FNG/TUD TUNGSTEN EXPERIMENT



 1. Name of experiment:
    -------------------
    TUD/FNG measurement of neutron and photon flux spectra in the FNG tungsten
    assembly (2002).

 2. Purpose and phenomena tested:
    -----------------------------
    Transport data benchmark by determination of spectral neutron flux and
    spectral photon flux at four positions in a thick block of W irradiated
    with 14 MeV neutrons

 3. Description of source and experimental configuration:
    -----------------------------------------------------
    The Frascati Neutron Generator [1] was used as 14 MeV D-T neutron
    source. The angular dependence of the source intensity is presented in
    Fig. 1. The angular dependence of the source energy distribution is
    given in Fig. 2. Note that these figures were obtained using the obsolete
    D-T source subroutine (source.for) and may vary slightly from those of
    the new recommended subroutine (DT_MCNP5.TXT for MCNP5, source.F and
    srcdx.F for MCNPX).
    The geometry of the assembly is shown in Fig. 3. The angle between the
    deuteron beam of the neutron generator and an axis crossing neutron
    source and centre of the detector was 0 degrees. The dimensions of the
    W alloy block were 47 cm * 47 cm * 49 cm of length (z-axis). The tritium
    target of the neutron source was located at z = -5.3 cm.
    The W alloy of the central part had a density of 18.1 g/cm3 and an elemental
    composition of 95 wt-% of W, 1.6 wt-% of Fe and 3.4 wt-% of Ni.

    Neutron and photon flux spectra were measured on the central axis of
    the assembly in four positions (P1,...,P4) at z = 5, 15, 25 and 35 cm.

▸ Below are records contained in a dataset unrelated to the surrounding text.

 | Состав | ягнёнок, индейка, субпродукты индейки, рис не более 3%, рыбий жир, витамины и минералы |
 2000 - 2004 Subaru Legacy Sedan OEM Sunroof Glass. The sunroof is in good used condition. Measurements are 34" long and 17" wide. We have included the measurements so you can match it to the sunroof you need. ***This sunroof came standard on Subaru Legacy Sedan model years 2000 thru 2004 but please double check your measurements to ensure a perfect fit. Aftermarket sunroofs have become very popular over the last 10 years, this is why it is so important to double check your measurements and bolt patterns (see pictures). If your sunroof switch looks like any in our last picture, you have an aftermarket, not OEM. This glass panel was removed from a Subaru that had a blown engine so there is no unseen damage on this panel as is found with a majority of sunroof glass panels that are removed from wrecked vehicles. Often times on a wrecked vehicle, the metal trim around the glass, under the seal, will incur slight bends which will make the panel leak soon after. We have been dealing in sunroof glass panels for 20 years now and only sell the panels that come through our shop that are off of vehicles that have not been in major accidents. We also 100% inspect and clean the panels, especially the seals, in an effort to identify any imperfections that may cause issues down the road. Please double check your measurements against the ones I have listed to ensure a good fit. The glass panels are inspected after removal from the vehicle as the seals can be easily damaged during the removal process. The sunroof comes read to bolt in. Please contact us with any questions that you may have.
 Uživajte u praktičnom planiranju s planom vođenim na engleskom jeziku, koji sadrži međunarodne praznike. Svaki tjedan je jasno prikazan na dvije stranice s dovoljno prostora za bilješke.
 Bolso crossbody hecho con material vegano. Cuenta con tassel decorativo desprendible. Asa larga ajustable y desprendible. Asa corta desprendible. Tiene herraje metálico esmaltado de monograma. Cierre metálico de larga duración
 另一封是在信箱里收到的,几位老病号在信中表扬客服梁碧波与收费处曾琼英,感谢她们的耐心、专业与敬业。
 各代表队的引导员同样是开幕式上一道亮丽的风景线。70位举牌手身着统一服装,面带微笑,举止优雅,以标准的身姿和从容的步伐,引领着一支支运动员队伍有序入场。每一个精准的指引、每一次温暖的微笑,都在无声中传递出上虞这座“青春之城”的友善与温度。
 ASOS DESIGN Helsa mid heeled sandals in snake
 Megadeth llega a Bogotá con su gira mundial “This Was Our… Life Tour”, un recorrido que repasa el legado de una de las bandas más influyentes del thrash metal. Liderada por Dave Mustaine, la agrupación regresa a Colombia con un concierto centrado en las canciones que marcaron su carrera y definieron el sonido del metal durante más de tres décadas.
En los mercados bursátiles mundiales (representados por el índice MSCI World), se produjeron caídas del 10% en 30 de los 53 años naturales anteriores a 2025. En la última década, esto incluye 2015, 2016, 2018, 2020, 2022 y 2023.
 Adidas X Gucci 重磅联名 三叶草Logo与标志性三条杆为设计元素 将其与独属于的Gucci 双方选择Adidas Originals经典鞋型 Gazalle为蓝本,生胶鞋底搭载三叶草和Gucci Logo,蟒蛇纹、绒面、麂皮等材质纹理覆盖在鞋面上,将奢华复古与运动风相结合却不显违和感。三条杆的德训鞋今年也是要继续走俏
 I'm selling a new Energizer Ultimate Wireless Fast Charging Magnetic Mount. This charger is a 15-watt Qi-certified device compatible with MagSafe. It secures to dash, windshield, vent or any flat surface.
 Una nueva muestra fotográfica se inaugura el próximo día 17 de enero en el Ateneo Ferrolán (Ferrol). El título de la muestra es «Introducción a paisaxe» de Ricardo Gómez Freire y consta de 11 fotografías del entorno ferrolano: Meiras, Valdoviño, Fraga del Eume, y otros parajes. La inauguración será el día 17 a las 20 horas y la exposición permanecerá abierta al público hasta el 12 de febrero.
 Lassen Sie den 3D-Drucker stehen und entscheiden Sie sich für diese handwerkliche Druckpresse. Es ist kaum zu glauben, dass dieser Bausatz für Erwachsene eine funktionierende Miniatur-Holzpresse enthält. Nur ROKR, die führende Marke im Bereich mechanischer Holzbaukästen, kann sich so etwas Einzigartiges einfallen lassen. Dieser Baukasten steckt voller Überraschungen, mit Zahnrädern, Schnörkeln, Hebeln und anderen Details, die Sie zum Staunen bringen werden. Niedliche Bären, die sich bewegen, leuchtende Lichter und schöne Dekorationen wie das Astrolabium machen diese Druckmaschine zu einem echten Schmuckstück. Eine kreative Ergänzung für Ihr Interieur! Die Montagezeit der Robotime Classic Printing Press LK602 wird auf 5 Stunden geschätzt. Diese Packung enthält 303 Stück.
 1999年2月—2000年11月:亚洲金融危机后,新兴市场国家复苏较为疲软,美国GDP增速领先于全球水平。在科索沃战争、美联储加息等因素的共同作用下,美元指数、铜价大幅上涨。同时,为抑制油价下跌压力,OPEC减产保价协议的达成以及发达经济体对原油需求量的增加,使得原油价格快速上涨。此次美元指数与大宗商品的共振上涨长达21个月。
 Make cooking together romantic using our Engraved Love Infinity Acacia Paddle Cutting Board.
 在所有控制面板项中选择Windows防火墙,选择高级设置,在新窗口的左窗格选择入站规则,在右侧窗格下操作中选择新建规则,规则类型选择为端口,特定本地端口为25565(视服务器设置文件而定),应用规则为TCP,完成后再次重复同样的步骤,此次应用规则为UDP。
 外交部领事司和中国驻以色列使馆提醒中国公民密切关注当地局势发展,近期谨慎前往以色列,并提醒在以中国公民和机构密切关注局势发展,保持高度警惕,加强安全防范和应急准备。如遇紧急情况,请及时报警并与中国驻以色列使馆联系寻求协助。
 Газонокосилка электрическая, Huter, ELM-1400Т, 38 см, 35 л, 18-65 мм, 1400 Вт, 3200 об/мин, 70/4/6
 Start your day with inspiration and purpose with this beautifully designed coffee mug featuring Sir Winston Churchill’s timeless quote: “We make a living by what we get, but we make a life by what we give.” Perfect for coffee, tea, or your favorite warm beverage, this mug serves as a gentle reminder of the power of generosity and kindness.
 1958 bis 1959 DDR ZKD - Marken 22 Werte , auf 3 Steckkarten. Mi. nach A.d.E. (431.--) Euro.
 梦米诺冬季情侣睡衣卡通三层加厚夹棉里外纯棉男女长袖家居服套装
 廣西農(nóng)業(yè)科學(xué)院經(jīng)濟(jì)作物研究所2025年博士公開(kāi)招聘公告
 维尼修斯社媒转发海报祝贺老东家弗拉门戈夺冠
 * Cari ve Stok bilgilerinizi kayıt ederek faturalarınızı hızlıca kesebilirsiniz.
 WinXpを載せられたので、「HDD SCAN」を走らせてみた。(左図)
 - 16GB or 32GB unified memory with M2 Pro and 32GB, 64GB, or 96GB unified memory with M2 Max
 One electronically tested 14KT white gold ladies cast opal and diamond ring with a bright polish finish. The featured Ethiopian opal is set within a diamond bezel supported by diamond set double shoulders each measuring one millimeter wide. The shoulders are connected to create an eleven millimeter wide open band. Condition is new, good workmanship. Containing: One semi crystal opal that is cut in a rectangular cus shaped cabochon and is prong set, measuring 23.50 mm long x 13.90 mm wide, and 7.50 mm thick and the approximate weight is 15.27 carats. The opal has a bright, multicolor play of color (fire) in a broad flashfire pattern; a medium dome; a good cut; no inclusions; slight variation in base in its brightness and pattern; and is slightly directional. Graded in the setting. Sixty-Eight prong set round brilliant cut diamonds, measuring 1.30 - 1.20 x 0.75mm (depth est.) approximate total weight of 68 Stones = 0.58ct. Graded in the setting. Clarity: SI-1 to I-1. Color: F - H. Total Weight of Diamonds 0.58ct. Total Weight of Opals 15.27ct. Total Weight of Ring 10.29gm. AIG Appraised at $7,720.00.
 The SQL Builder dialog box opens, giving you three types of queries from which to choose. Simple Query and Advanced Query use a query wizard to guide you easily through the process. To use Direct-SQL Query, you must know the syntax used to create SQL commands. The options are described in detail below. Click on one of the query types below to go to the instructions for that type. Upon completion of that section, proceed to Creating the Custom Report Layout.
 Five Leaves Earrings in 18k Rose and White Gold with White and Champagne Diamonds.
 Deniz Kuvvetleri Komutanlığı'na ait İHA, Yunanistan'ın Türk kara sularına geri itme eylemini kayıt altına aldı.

    4. Measurement system:
    ----------------------
    Neutron and photon pulse-height spectra were measured simultaneously
    using an NE 213 scintillation spectrometer. The dimensions of the
    cylindrical active volume of the detector were 3.8 cm in both height
    and diameter. Its material had a mass density of 0.874 g/cm3 and an
    elemental composition of 54.8 at-% H and 45.2 at-% C.
    The scintillator was coupled to a photomultiplier by means of a 50 cm
    long light guide. When the detector was located at one of the
    positions (P 2 in Fig. 3), the other ones were filled with rods of W
    alloy.

    5. Description of results and analysis:
    ---------------------------------------
    Data evaluation:
    The DIFBAS code developed at PTB Braunschweig [2,3] was employed for
    unfolding the measured pulse-height distributions in order to generate
    the neutron and photon flux spectra. They were obtained as absolute
    fluxes, as the response matrices have been determined on an absolute
    scale by detailed simulations of experimental distributions from mono-
    energetic neutron and photon sources with Monte Carlo codes.

    Calculations:
    A computational analysis was performed with the Monte Carlo code MCNP-
    4C [4] using a full 3D model of the assembly, the neutron generator and
    the experimental hall. Nuclear data were taken from the FENDL/MC-2.0
    data library [5]. The spectra were calculated as average flux in the
    scintillator volume by means of the track length estimator of MCNP.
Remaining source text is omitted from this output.